A machine-made man. A reset perpetrated by an Evil God, after which all the hierarchies have been reversed. Now robots were creating man. Bartek raised his metal arm and slid the sharp edge of his finger along the smooth, gleaming housing of the DNA/RNA synthesizer, pressing hard until a scratch appeared, metal on metal, with a high-pitched squeal that would have made his ears hurt (if he had had ears).

“Are you in?”

The show must go on

He liked to walk along the empty and naturally deserted ocean beaches, and he liked the roofs of the skyscrapers in Minato. He had a simple system for walking up stairs. He would release the mech to climb up the hundred floors by itself and then come back into it only when the robot had reached the top. At night-time, Tokyo from this perspective looked like a postcard of Tokyo with holes burnt into it: great irregular stains of total darkness, here and there the bright pimples of advertisements, neon lights, LED mega-screens, a few 3D lasers, and illuminated sections of the labyrinth of streets. As long as the Royal Alliance controlled the power plant at Hamaoka, the gigawatts would flow into these empty stage sets. The Royalist transformers had voted time and again for the illumination of the deserted city. They could not cope psychologically in a totally darkened city.

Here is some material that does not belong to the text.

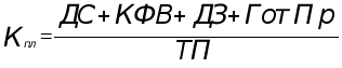 где Кол — коэффициент общей ликвидности; ТА — текущие активы; ТП — текущие пассивы; Предприятие считается ликвидным, если Кол > 1. Коэффициент промежуточной ликвидности — это способность предприятия выполнять краткосрочные обязательства за счет денежных средств, краткосрочных финансовых вложений, дебиторской задолженности (счета к получению) (ДЗ) и готовой продукции на складе (ГотПр) [2,18]
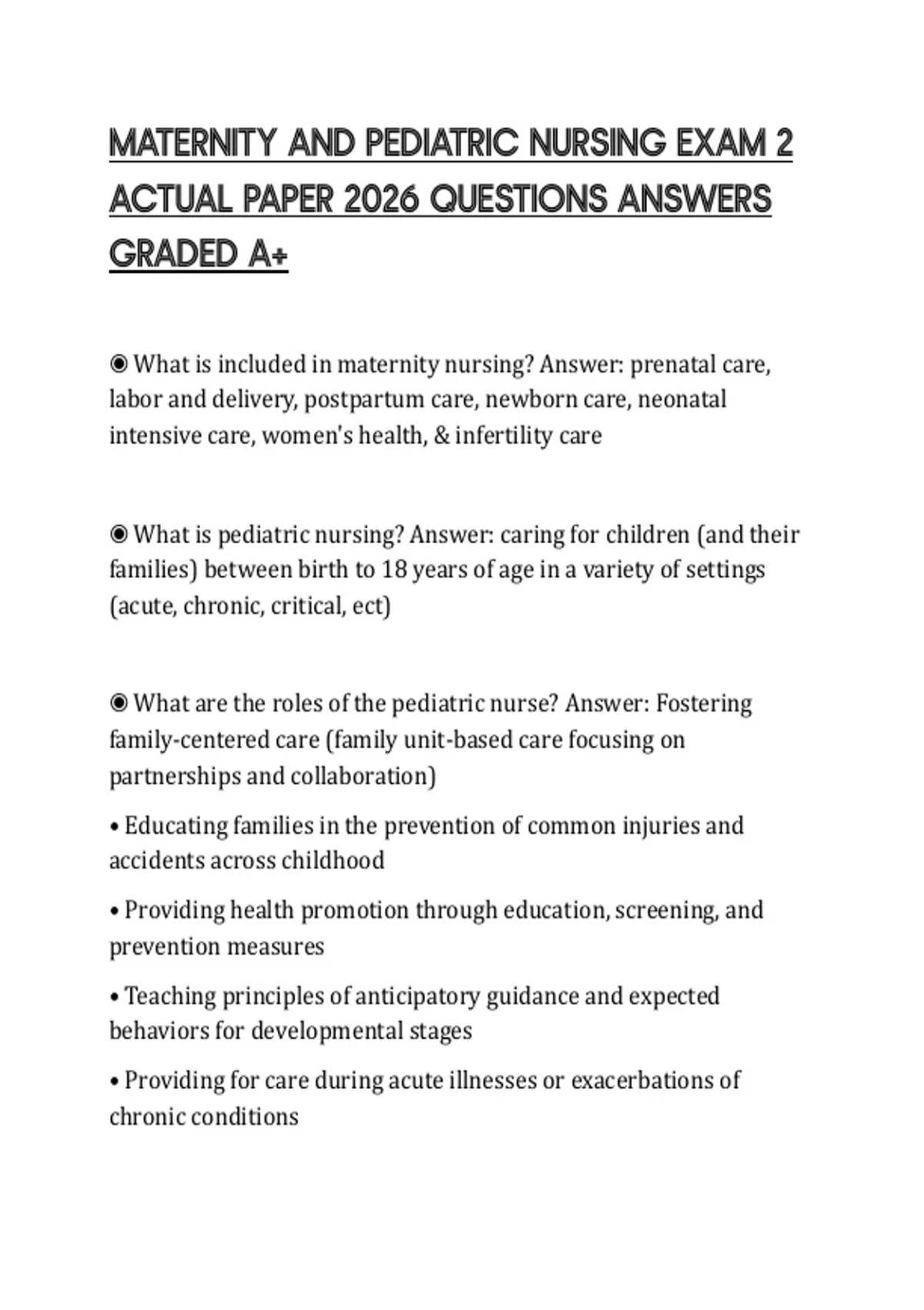 MATERNITY AND PEDIATRIC NURSING EXAM 2 ACTUAL PAPER 2026 QUESTIONS ANSWERS GRADED A+

Bartek liked to walk in his mech to the very edge of the rooftop, until his gyroscopes trembled from the slightest breath of wind. There he would observe the life of the dead city, the urban zombie, from the brink of a monumental abyss. One night, he saw the movement of red points on the sky over the skyscrapers. The Patagonians had released their air-drones into the RA neighborhoods. Another night, he made the final step forward and plummeted down to the pavement, recording the whole flight millisecond by millisecond.

When the Patagonians and Black Castle robbed a third sex shop in a row, he began to go out on night patrols near the Aiko Tower. The spare parts for the Hondas would run out one day as well. Previously, he had paid no attention to the territorial scramble between the alliances, but now he checked the maps of influence and the reports on foreign mechs encountered on RA territory every day – the alarm signals of the Tokyo Mothernet. He took a Spit Gun and some spare batteries (he couldn’t feel their weight anyway), and went out on long walks. The bones of Japanese people and the finer bones of electronic gadgets and plastic junk crunched under the metal tread of his feet. He stayed out until the bulging sun emerged from behind the skyscrapers of Shiodome, and he could finally bring yet another night of cold loneliness to an end. (They still had not found a good plugin for sleep.)